Since September 2012, Buddhist monks in Myanmar have been massacring Muslims and rallied in support of Myanmar’s President Thein Sein's proposal to expel them to another country claiming they are not citizens. This ludicrous assertion is made despite the fact that Rohingya have lived in the country for many centuries.
As armed gangs of Buddhist fanatics continue to ethnically cleanse Rohingya Muslims, mainstream global media continues to present the massacre in Myanmar as ethnic tension rather than an ongoing genocide. On March 25, Associated Press (AP) reported that “anti-Muslim mobs rampaged through three more towns in Myanmar's predominantly Buddhist heartland over the weekend, destroying mosques and burning dozens of homes despite government efforts to stem the nation's latest outbreak of sectarian violence. President Thein Sein had declared an emergency in central Myanmar on Friday and deployed army troops to the worst-hit city, Meikhtila, where 32 people were killed and 10,000 mostly Muslim residents were displaced. But even as soldiers restored order there after several days of anarchy in which armed Buddhists torched the city's Muslim quarters, the unrest has spread south toward the capital, Naypyitaw.”

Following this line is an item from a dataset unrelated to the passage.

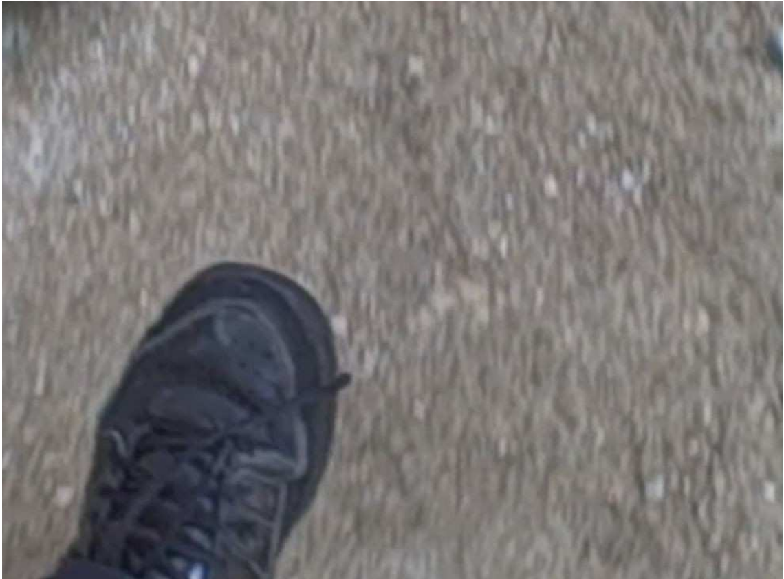
Clôde Couplier, Là où l'on décide de s'arrêter , photographie numérique

Even though it is well known that the Buddhist religious establishment in Myanmar actively incites violence against Muslims, Western media outlets and think-tanks continue to constantly repeat a dubious narrative with little evidence of how ethnic tensions flared in Rakhine State after the rape and murder of a Buddhist woman – blamed on a Rohingya Muslim. This description of events in Myanmar fits the narrative constructed several decades ago by the Western media. The Western media has been systematically cultivating an artificially positive image of the Buddhist religious establishment in order to use it as leverage against China through the Tibet issue. Western powers successfully created an image of Buddhist monks as the “most peaceful humans on earth.” This artificial narrative assisted Western imperialist regimes in fostering anti-China sentiment within their own societies and abroad.
Another revealing aspect of the ongoing ethnic cleansing of Rohingya in Myanmar is the fact that violence against Muslims reached unprecedented levels after the US established ties with the military junta in 2012. Prior to last year’s embrace of Myanmar’s military rulers by the EU and US, violence against the Rohingyas was not part of official state policy. Taking into account that over the past several decades the US government has directly (Iraq, Afghanistan, Pakistan, Somalia, Yemen) or indirectly (Egypt, Saudi Arabia, etc) participated in oppressing and killing Muslims, Washington’s involvement in the ethnic cleansing process in Myanmar cannot be excluded.